← writing

no allocation in the inner loop

summary: the only discipline that has stayed put after a year of writing the o kernel.

ThePlatform ThePlatform: one runtime, one table work: 2016-2017 technical note

Core idea: the early performance rule was simple and durable: vector kernels may consume bandwidth and registers, but they may not allocate on the hot path.

The discipline I have ended up with, after a year of writing the kernel, is shorter than I expected.

Do not allocate in the inner loop.

That is more or less it. Everything else - SIMD width, branch density, layout choice - either falls out of that rule or stops mattering when you obey it. The places where my code is slow are always places where I forgot, never places where I picked the wrong intrinsic.

Concretely, in the O kernel:

  • Output buffers are pre-sized by the planner. The planner knows the shapes; it owns the allocations. The kernel writes into provided slices.
  • Temporaries inside a primitive are stack-resident or come from a thread-local scratch arena that is reset between operators. No Vec::with_capacity in a hot path.
  • Strings are not in the hot path.
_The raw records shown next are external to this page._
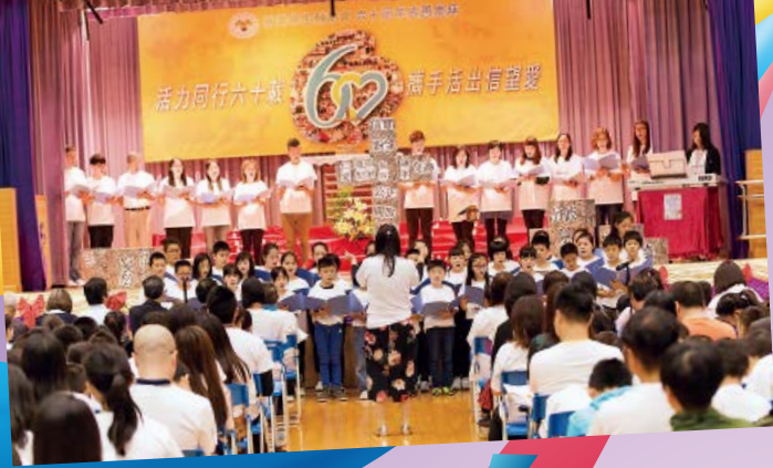
眾人在感恩崇拜中 唱詩讚美上帝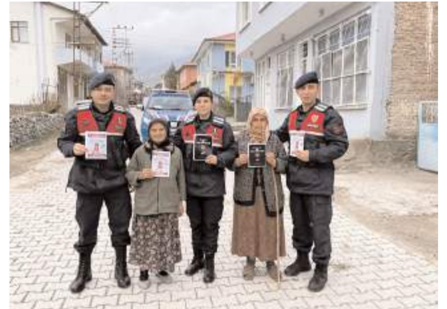
Ekipler, KADES uygulaması hakkında bilgilerin yer aldığı broşürleri vatandaşlara dağıttı.

Etkinlikte, "Kadına el kalkamaz" sloganının sadece bir ifade değil, toplumsal sorumluluk çağrısı olduğu belirtildi. (AA)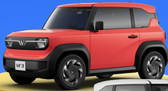
ĐỎ - SOLAR RUBY**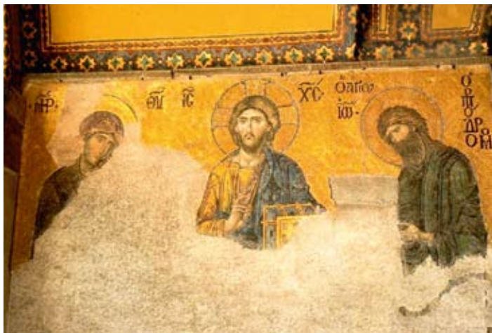
Ἡ Δέσσις Ψηφιδωτὸ στὴν Ἁγία Σοφία (1261)

Ἄγνοοῦν ἐντελῶς, ἂν ὑπάρχη γηροκομεῖο, νοσοκομεῖο, φρενοκομεῖο, συσσίτια. Ἄγνοοῦν ὅτι ὑπάρχει ἀνά-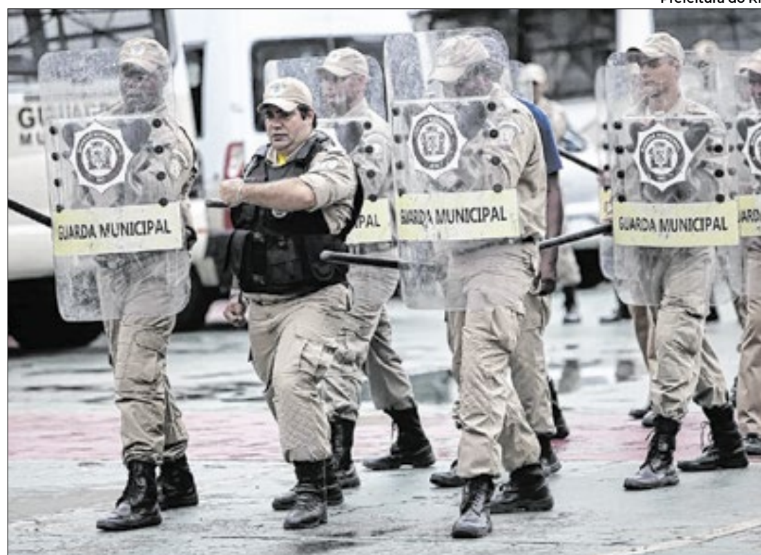
Prefeitura do Rio

Medida votada por ampla maioria dos vereadores: 43 contra 7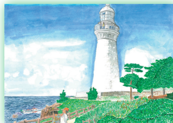
出雲日御碕灯台 (島根県)

If they are, they are interned to small ints upstream and the kernel sees the int.
  • Errors are out-of-band. The hot path has no Result unwinding. A failing kernel sets a flag in the task's status word.

None of this is novel. People who wrote DSP kernels in the nineties knew it. People writing JIT-compiled query engines today still know it. What is interesting is how much language work is needed to make a runtime that lets you keep writing in this style without it becoming hand-rolled C in disguise. The Rust borrow checker is a help here more often than a hindrance, but only because the kernel is small enough to fit one head.

When I get tempted to allocate inside a primitive, I picture a profiler. It is usually enough.